▶ WHAT YOU SHOULD DO:
Find the line below with "武漢中裕金屬制品有限公司(以" and the line with "Edytor tapety: Pajacyk, Kot, Kapelusz, Różdżka". Output exactly those lines and everything between them, leaving out the pictures.

▶ EXERCISE DATA:

Segment Open

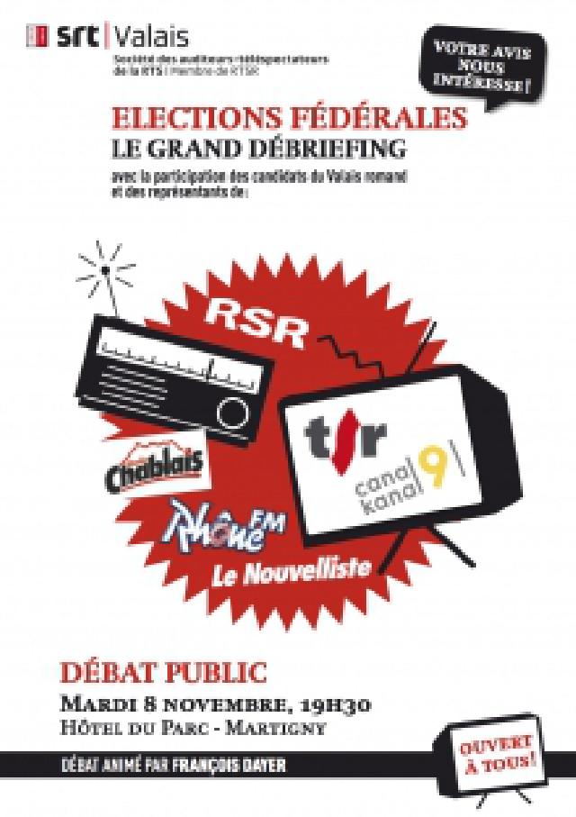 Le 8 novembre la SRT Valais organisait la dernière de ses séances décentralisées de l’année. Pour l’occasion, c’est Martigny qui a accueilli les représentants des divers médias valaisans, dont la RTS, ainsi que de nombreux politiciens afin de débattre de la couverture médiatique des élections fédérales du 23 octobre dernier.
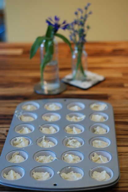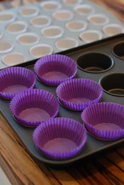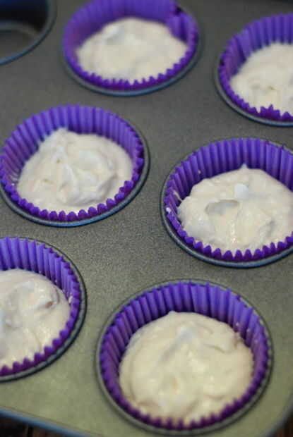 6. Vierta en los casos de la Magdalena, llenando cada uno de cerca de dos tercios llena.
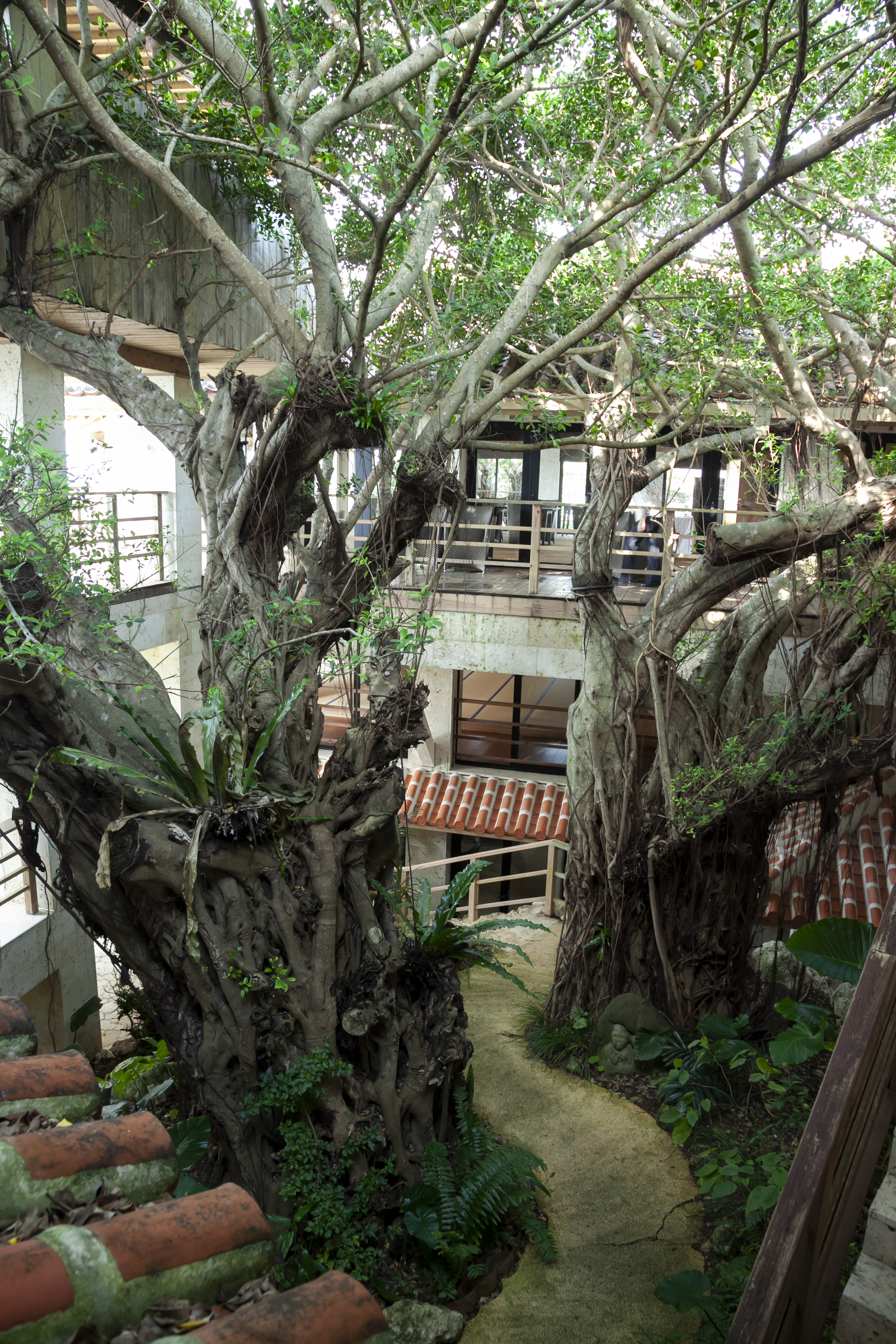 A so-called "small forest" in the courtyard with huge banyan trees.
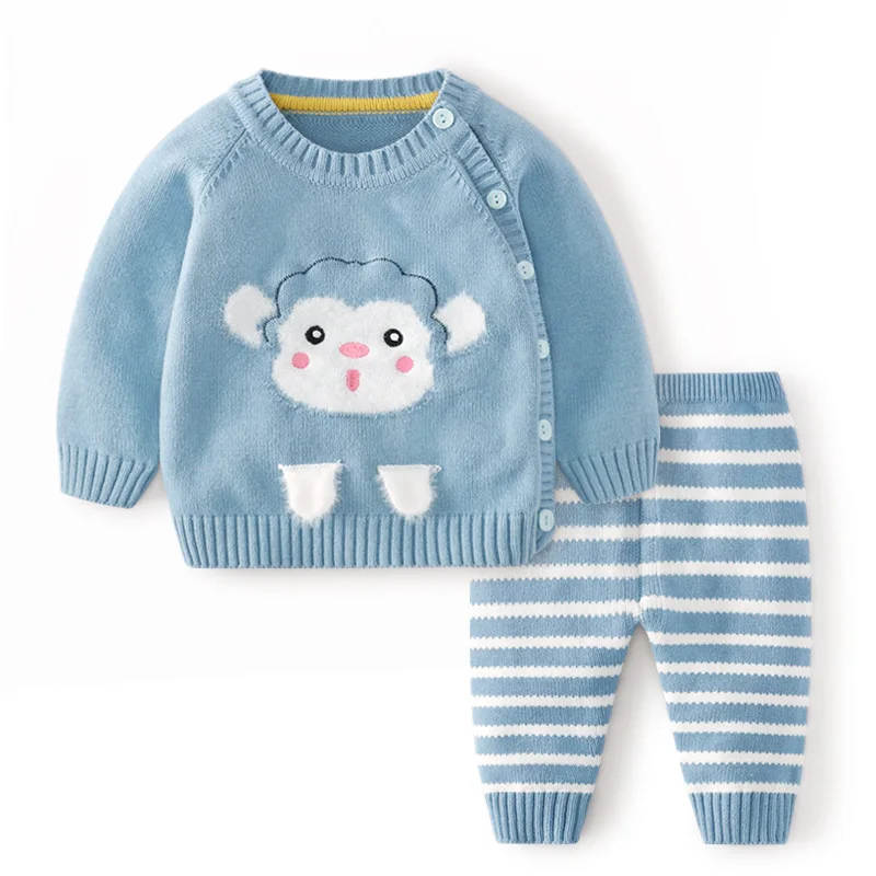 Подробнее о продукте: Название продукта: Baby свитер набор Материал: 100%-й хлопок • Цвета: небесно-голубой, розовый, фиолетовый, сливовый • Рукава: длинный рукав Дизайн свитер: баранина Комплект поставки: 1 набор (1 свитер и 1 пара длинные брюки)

Segment Closed
Segment Open

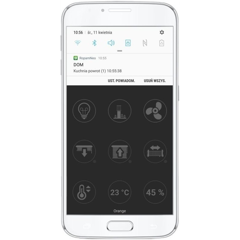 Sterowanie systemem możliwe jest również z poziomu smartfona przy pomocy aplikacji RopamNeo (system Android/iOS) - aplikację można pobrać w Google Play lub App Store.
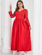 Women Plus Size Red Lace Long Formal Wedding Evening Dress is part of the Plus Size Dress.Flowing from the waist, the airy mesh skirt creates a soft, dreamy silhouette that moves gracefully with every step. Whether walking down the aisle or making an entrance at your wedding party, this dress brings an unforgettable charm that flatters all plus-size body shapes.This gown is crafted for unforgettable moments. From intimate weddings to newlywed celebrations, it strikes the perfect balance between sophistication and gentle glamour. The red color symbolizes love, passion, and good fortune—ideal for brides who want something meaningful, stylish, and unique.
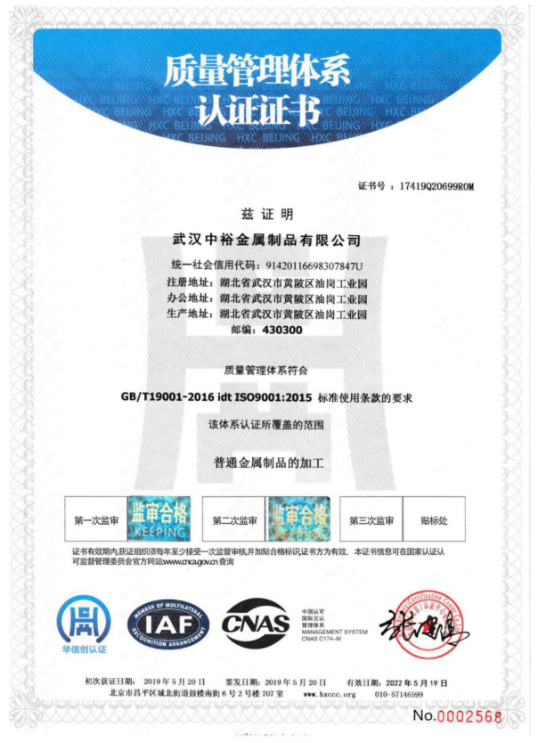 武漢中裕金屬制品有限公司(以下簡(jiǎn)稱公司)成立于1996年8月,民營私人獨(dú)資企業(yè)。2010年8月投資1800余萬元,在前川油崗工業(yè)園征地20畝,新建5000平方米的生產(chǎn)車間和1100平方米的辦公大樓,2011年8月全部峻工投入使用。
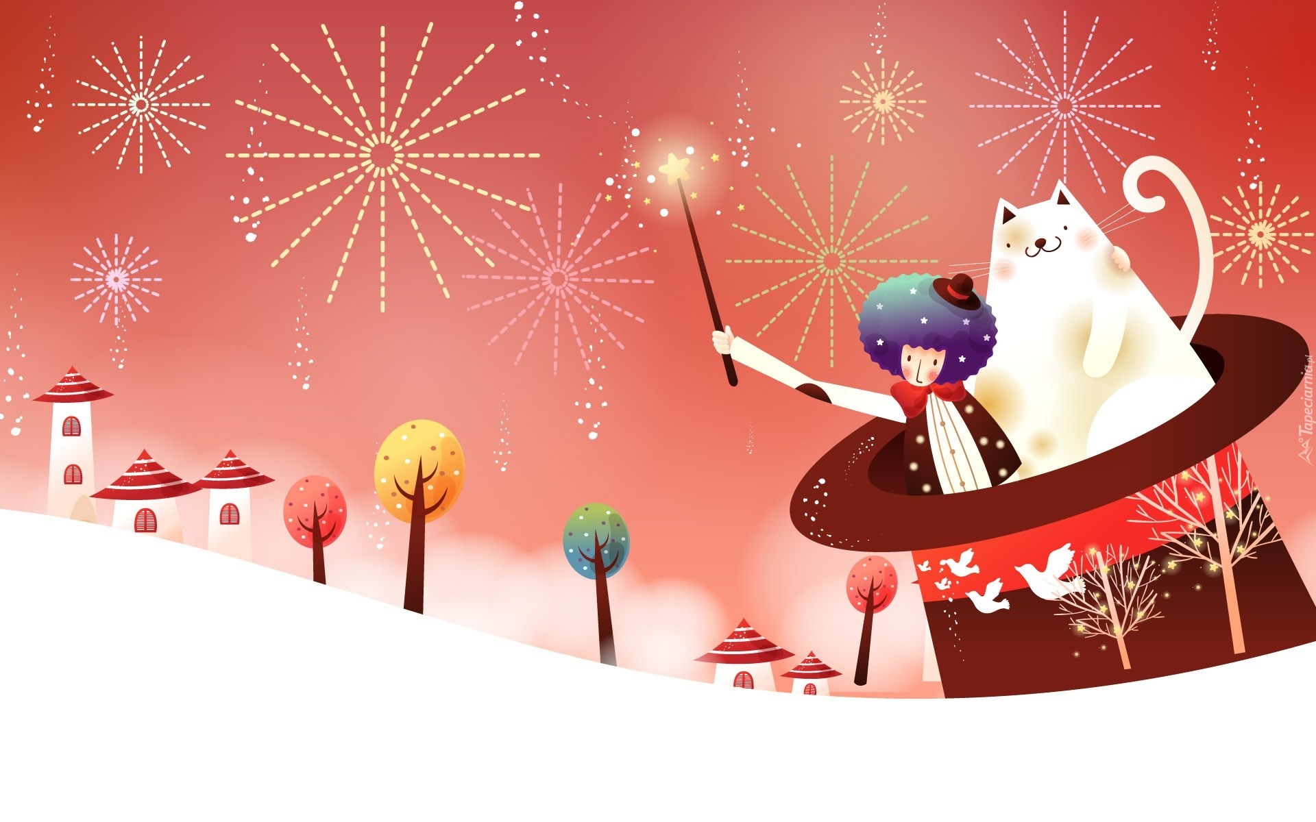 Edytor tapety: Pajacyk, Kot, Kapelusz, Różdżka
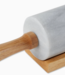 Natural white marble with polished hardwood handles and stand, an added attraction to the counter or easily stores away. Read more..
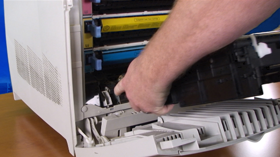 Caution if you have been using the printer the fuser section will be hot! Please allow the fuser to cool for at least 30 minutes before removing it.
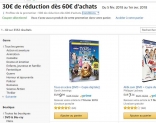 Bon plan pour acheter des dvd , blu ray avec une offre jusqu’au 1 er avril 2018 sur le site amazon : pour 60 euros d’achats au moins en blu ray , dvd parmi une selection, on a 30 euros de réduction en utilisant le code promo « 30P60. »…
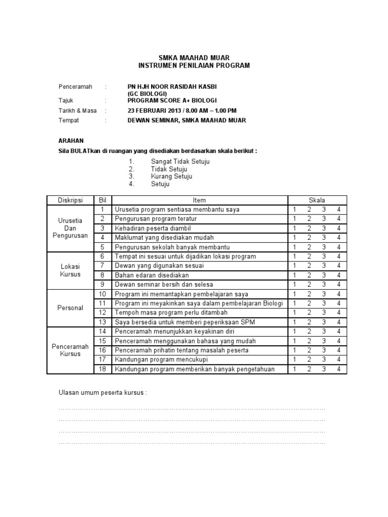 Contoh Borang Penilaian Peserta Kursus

Segment Closed
Segment Open

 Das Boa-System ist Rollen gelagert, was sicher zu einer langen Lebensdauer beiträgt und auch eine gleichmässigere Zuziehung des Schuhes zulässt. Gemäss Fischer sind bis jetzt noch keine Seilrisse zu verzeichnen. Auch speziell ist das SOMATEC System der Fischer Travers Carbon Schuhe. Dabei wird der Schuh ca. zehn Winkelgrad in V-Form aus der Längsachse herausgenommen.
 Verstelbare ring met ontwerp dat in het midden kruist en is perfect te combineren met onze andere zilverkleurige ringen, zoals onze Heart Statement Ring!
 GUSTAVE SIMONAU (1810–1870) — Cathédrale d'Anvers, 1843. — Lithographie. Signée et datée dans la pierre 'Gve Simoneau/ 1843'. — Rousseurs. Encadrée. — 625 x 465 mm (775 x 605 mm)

Segment Closed

▶ RESULT FOR THIS TASK:
 武漢中裕金屬制品有限公司(以下簡(jiǎn)稱公司)成立于1996年8月,民營私人獨(dú)資企業(yè)。2010年8月投資1800余萬元,在前川油崗工業(yè)園征地20畝,新建5000平方米的生產(chǎn)車間和1100平方米的辦公大樓,2011年8月全部峻工投入使用。
 Edytor tapety: Pajacyk, Kot, Kapelusz, Różdżka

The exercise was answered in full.